Collected data:

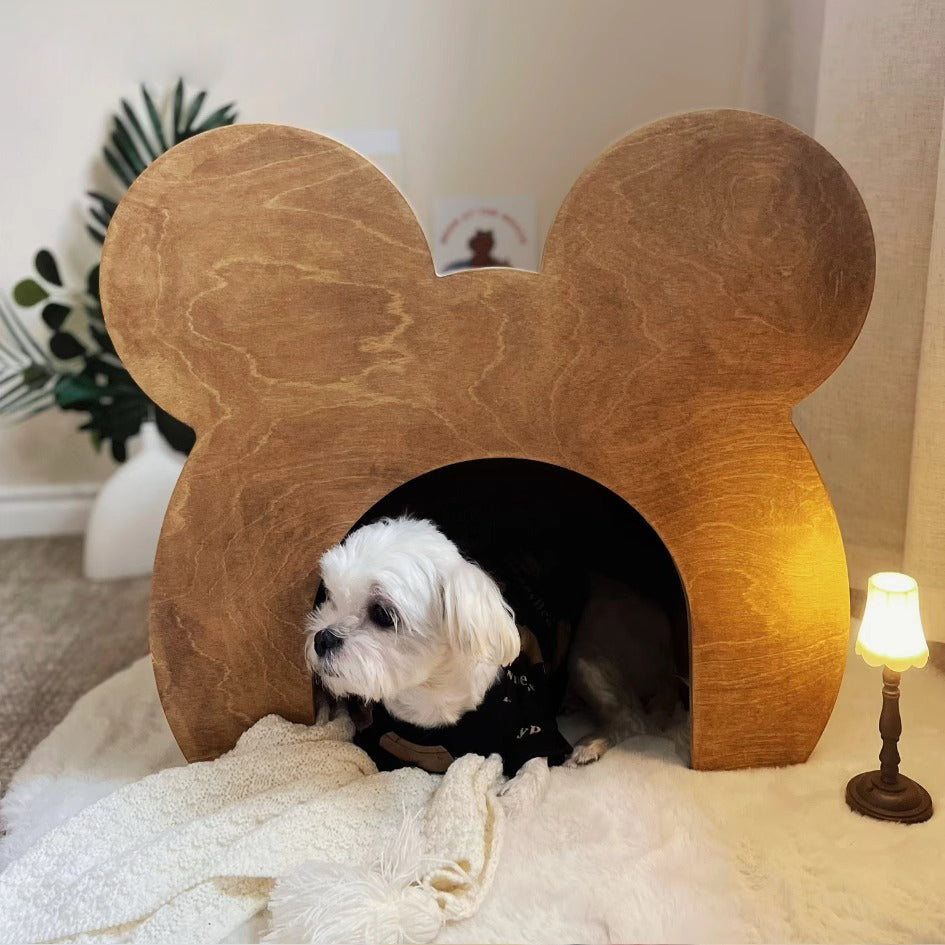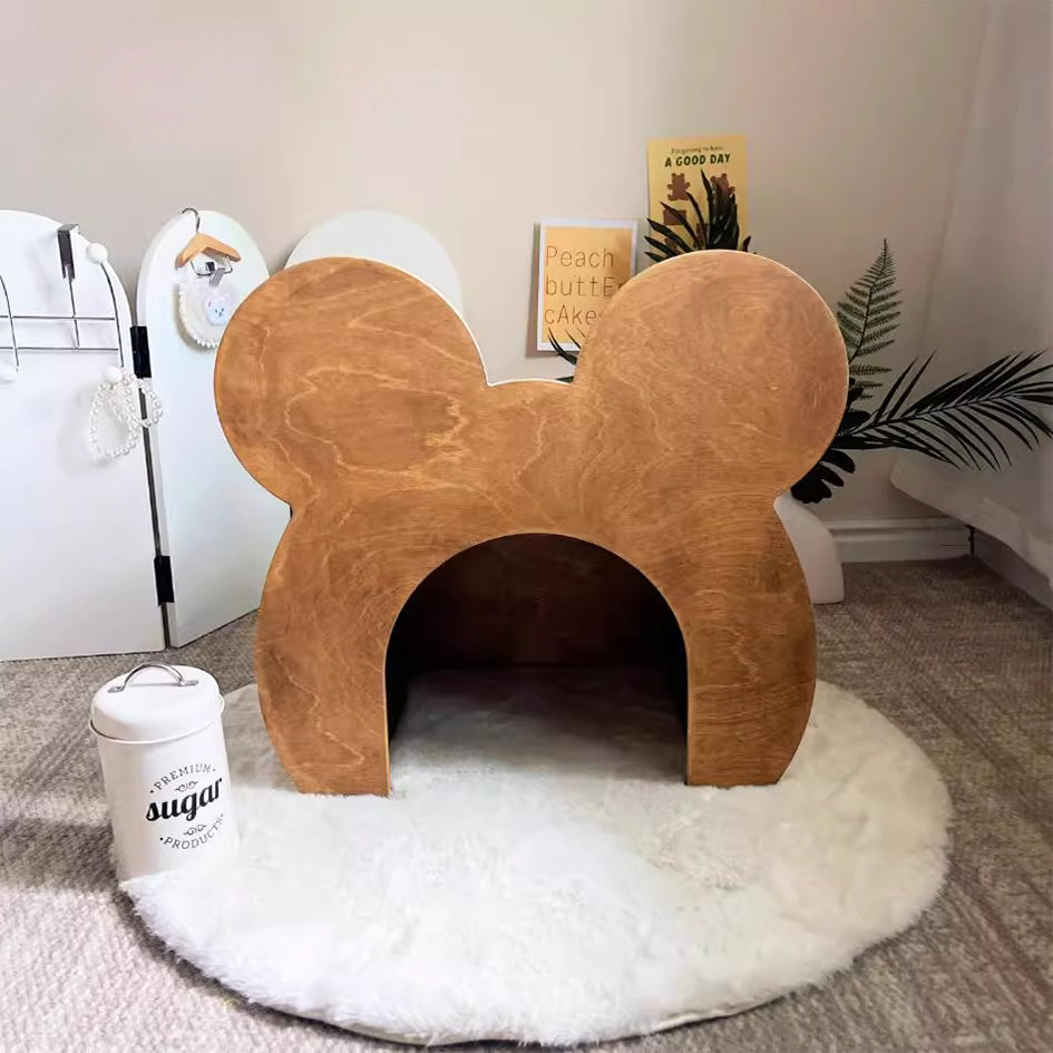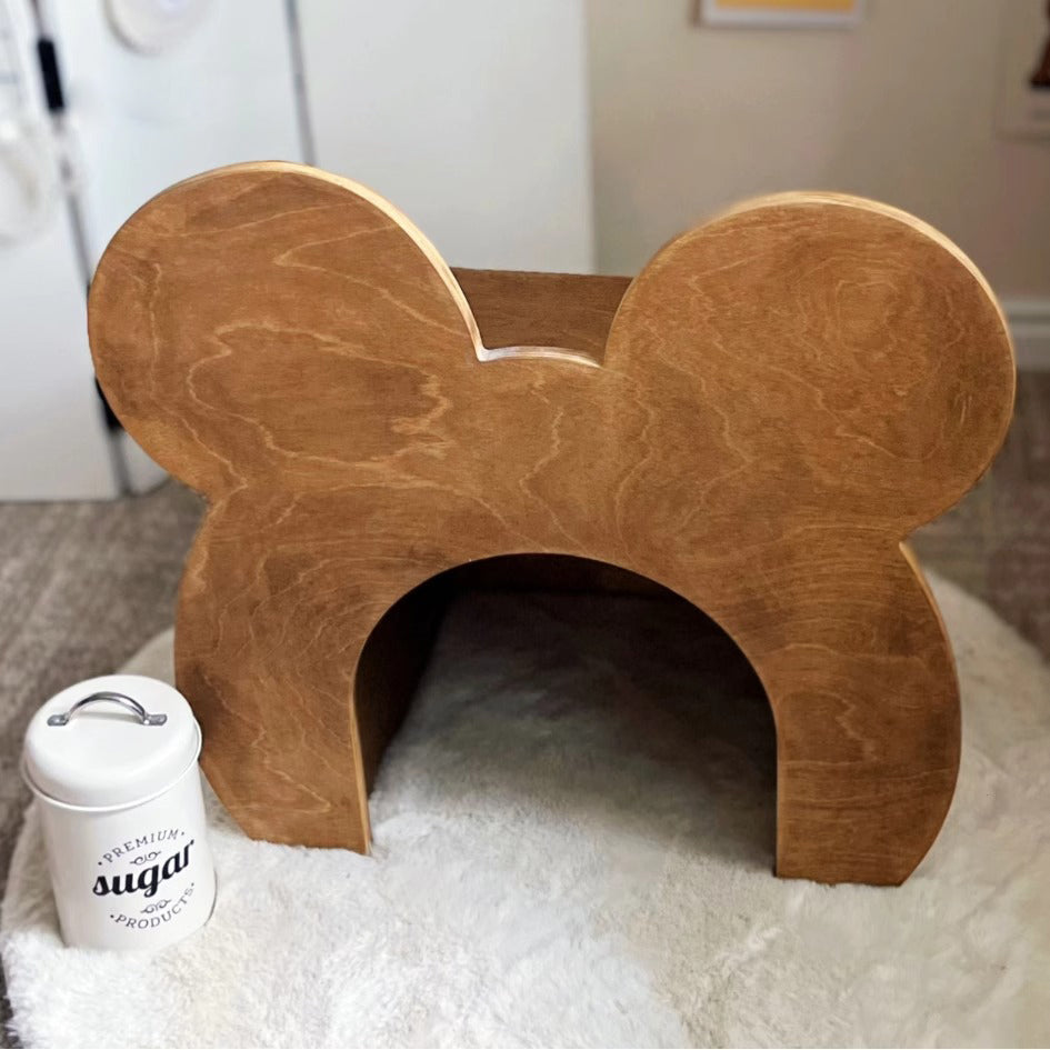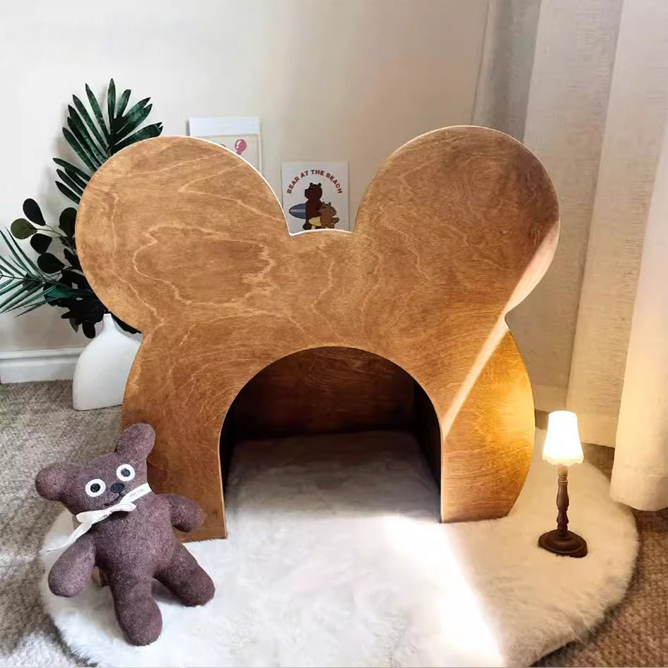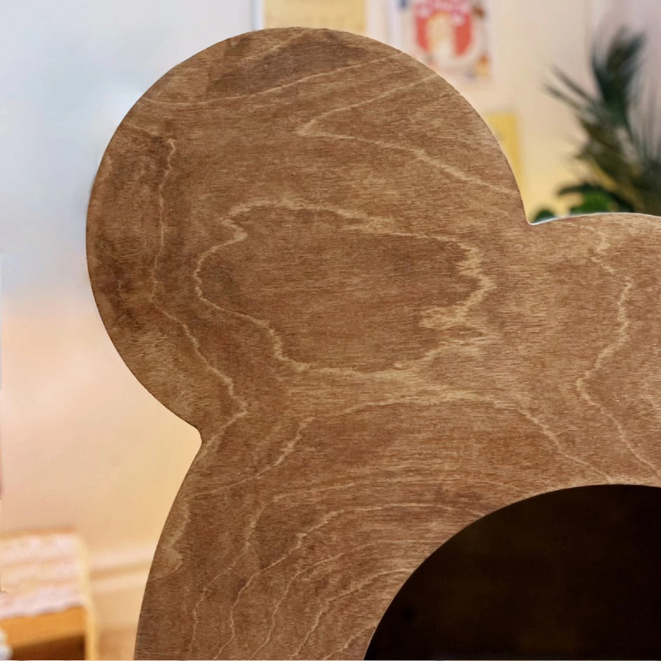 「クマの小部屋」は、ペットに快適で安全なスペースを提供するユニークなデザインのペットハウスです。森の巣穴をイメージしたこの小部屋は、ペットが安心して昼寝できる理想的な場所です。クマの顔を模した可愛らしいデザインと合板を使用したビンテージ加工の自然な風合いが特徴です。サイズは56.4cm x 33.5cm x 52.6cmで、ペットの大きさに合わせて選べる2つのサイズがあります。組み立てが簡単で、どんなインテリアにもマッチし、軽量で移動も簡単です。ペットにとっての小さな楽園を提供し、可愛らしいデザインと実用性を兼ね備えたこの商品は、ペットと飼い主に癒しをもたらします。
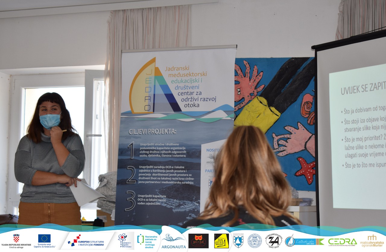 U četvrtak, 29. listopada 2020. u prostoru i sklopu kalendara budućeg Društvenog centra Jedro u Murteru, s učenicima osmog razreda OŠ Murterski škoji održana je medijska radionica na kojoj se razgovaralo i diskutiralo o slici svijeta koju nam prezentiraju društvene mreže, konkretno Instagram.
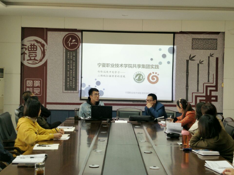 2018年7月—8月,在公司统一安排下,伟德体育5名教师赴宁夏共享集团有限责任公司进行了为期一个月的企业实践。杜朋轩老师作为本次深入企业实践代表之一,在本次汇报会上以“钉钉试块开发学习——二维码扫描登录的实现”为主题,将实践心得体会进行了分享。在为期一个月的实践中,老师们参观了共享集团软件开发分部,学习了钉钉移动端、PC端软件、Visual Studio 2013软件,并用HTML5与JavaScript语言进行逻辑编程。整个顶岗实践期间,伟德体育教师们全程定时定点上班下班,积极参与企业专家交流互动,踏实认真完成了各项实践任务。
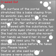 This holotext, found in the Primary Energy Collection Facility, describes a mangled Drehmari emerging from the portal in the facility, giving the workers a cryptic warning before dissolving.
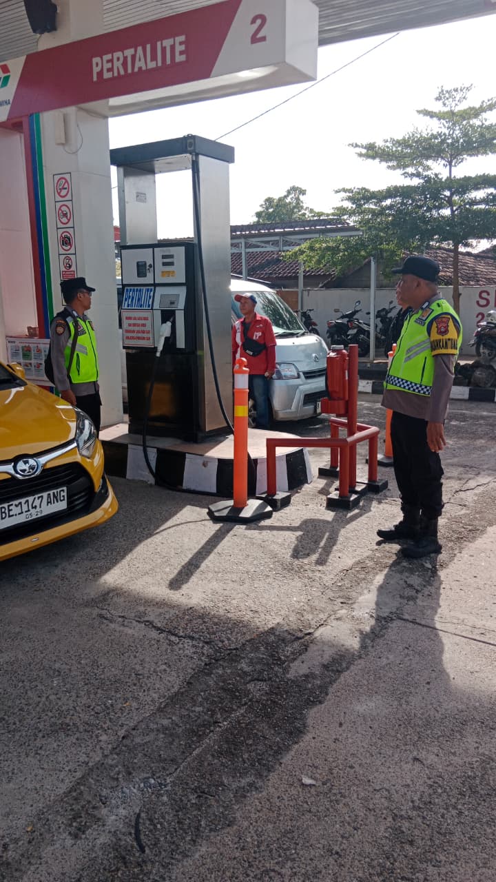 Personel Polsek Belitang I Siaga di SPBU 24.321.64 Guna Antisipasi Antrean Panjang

Task instructions:
All lines above between the line that contains "U četvrtak, 29." and the last line of the entries, both included, must be transcribed exactly. No pictures are to appear.

Result of the task:
 U četvrtak, 29. listopada 2020. u prostoru i sklopu kalendara budućeg Društvenog centra Jedro u Murteru, s učenicima osmog razreda OŠ Murterski škoji održana je medijska radionica na kojoj se razgovaralo i diskutiralo o slici svijeta koju nam prezentiraju društvene mreže, konkretno Instagram.
 2018年7月—8月,在公司统一安排下,伟德体育5名教师赴宁夏共享集团有限责任公司进行了为期一个月的企业实践。杜朋轩老师作为本次深入企业实践代表之一,在本次汇报会上以“钉钉试块开发学习——二维码扫描登录的实现”为主题,将实践心得体会进行了分享。在为期一个月的实践中,老师们参观了共享集团软件开发分部,学习了钉钉移动端、PC端软件、Visual Studio 2013软件,并用HTML5与JavaScript语言进行逻辑编程。整个顶岗实践期间,伟德体育教师们全程定时定点上班下班,积极参与企业专家交流互动,踏实认真完成了各项实践任务。
 This holotext, found in the Primary Energy Collection Facility, describes a mangled Drehmari emerging from the portal in the facility, giving the workers a cryptic warning before dissolving.
 Personel Polsek Belitang I Siaga di SPBU 24.321.64 Guna Antisipasi Antrean Panjang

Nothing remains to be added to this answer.